Failover Testing Failed

Question

Hello we have a brand new cluster (4 nodes) and did some failover testing over the weekend prior to placing the new gear into production. We have 2 cisco 4500x 10GB switches and have the nodes split between the two switches for redundancy. We simulated a switch failover by pulling the plug on one of them and experiened some very bad results. Some CVMs became unresponsive and we lost connectivity to most of our VMs. Has anyone else experienced a similar issue? Or can anyone point me in the right direction for configurations to double check? Would appreciate any insight!

charlie_chuhak · Accepted Answer

Worked with support to get this sqaured away. We ended up upgrading the hypervisor which solved the issue.

Jon · Answer

First thing - have you put in a support ticket with Nutanix yet?

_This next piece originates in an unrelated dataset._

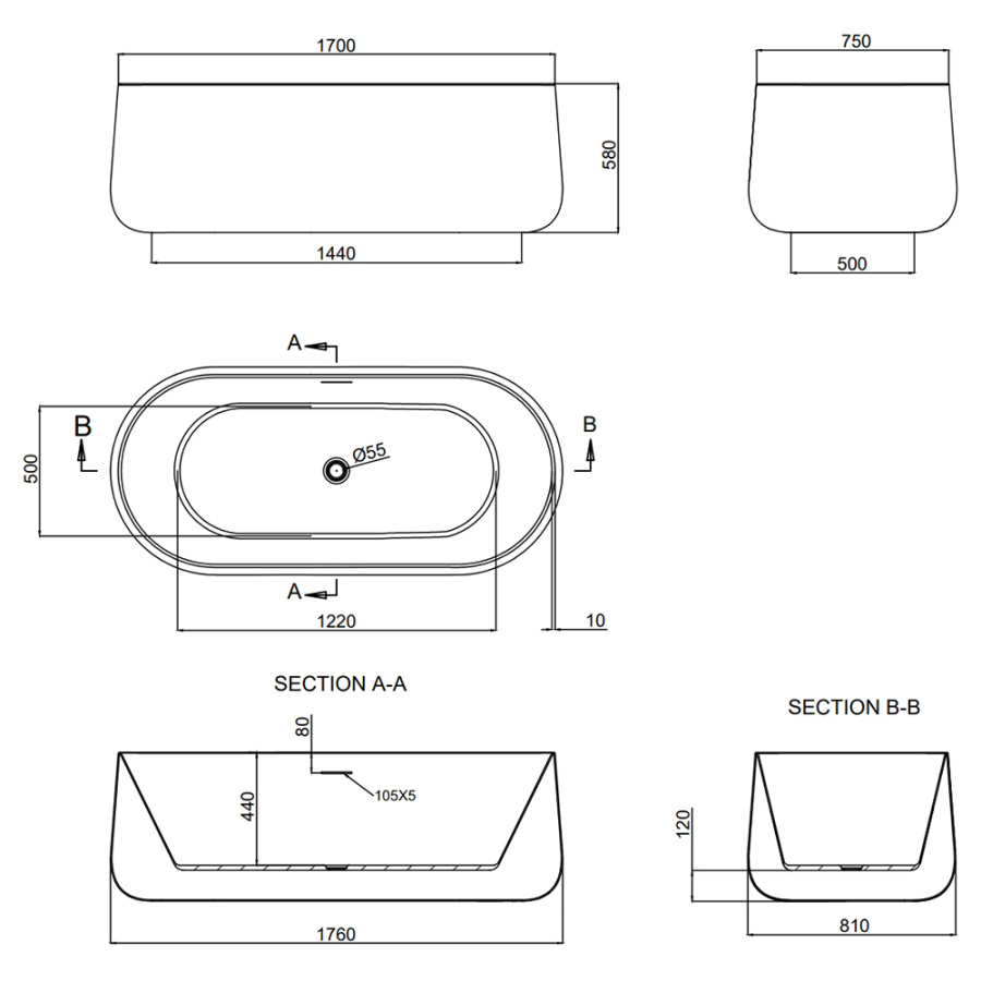 Акриловая ванна AVS Аврора 175x80 оливковая светлая с донным клапаном

thats the best first step here, as we can help you validate your configuration on the Nutanix and hypervisor side. We can also help guide the conversation on the network side (bunch of our support staff are ex Cisco, and some are even CCIEs)

past that, it would be key to know how you have your vSwitches setup and how you have your Cisco switches setup.

when you make the support ticket, if you could attach "show run" from both switches, appropriately censored (don't need SSH keys or anything like that), that would really help.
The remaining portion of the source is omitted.